*COLLECTED MATERIAL*:
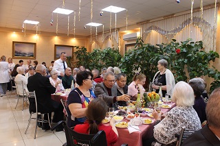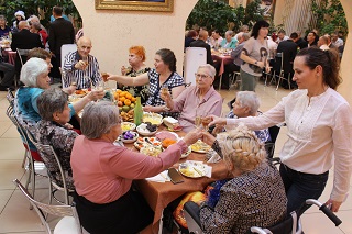 Для маломобильных граждан угощение и поздравления были организованны в отделениях и жилых комнатах.
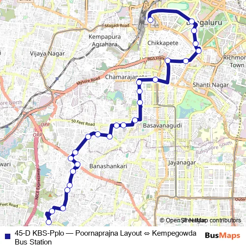 Poornaprajna Layout. 45-D KBS-Pplo (Poornaprajna Layout ⇔ Kempegowda Bus Station) is operational during everyday.
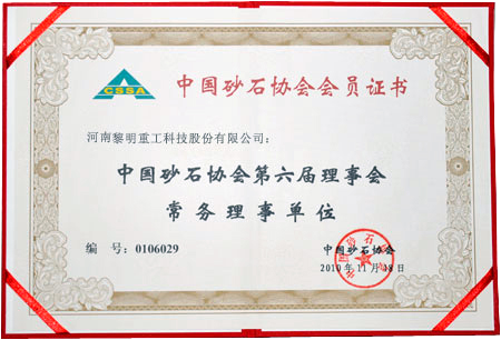 公司一直是中國砂石協會理事單位,眾多產品經廣泛的市場應用,贏得了國內外客戶的普遍贊譽,被中國砂石協會確定為推薦設備。本屆再次由新換屆的中國砂石協會推薦為常務理事單位,表現了中國砂石協會對黎明重工科技產品質量的充分認可。

*YOUR GOAL*: The data needs to be reproduced exactly, please, apart from its pictures.

*YOUR RESPONSE*:
 Для маломобильных граждан угощение и поздравления были организованны в отделениях и жилых комнатах.
 Poornaprajna Layout. 45-D KBS-Pplo (Poornaprajna Layout ⇔ Kempegowda Bus Station) is operational during everyday.
 公司一直是中國砂石協會理事單位,眾多產品經廣泛的市場應用,贏得了國內外客戶的普遍贊譽,被中國砂石協會確定為推薦設備。本屆再次由新換屆的中國砂石協會推薦為常務理事單位,表現了中國砂石協會對黎明重工科技產品質量的充分認可。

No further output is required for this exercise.